POST HOC TESTS • There are a number of tests which can be used. SPSS has them in the ONEWAY and General Linear Model procedures • SPSS does post hoc tests on repeated measures factors, within the Options menu
Choice of post-hoc test • There are many different post hoc tests, making different assumptions about equality of variance, group sizes etc. • The simplest is the Bonferroni procedure
Bonferroni Test • first decide which pairwise comparisons you will wish to test (with reasonable justification) • get SPSS to calculate t-tests for each comparison • set your significance criterion alpha to be .05 divided by the total number of tests made
Bonferroni test • repeated measures factors are best handled this way • ask SPSS to do related t-tests between all possible pairs of means • only accept results that are significant below .05/k as being reliable (where k is the number of comparisons made)

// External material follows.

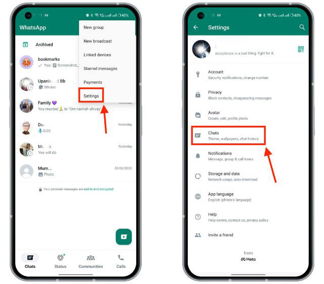 2. Find the drop-down menu and tap the Settings option. Then tap the Chats option.

PLANNED COMPARISONS/ CONTRASTS • It may happen that there are specific hypotheses which you plan to test in advance, beyond the general rejection of the set of null hypotheses
PLANNED COMPARISONS • For example: • a) you may wish to compare each of three patient groups with a control group • b) you may have a specific hypothesis that for some subgroup of your design • c) you may predict that the means of the four groups of your design will be in a particular order
PLANNED COMPARISONS • Each of these can be tested by specifying them beforehand - hence planned comparisons. • The hypotheses should be orthogonal - that is independent of each other
PLANNED COMPARISONS • To compute the comparisons, calculate a t-test, taking the difference in means and dividing by the standard error as estimated from MSwithin from the ANOVA table
TEST OF LINEAR TREND – planned contrast • for more than 2 levels, we might predict a constantly increasing change across levels of a factor • In this case we can try fitting a model to the data with the constraint that the means of each condition are in a particular rank order, and that they are equidistant apart.
TEST OF LINEAR TREND • The Between Group Sum of Squares is then partitioned into two components. • the best fitting straight line model through the group means • the deviation of the observed group means from this model
TEST OF LINEAR TREND • The linear trend component will have one degree of freedom corresponding to the slope of the line. • Deviation from linearity will have (k-2) df. • Each of these components can be tested, using the Within SS, to see whether it is significant.
TEST OF LINEAR TREND • If there is a significant linear trend, and non-significant deviation from linearity, then the linear model is a good one. • For k>3, The same process can be done for a quadratic trend - a parabola is fit to the means. For example, you may be testing a hypothesis that as dosage level increases, the measure initially rises and then falls (or vice versa).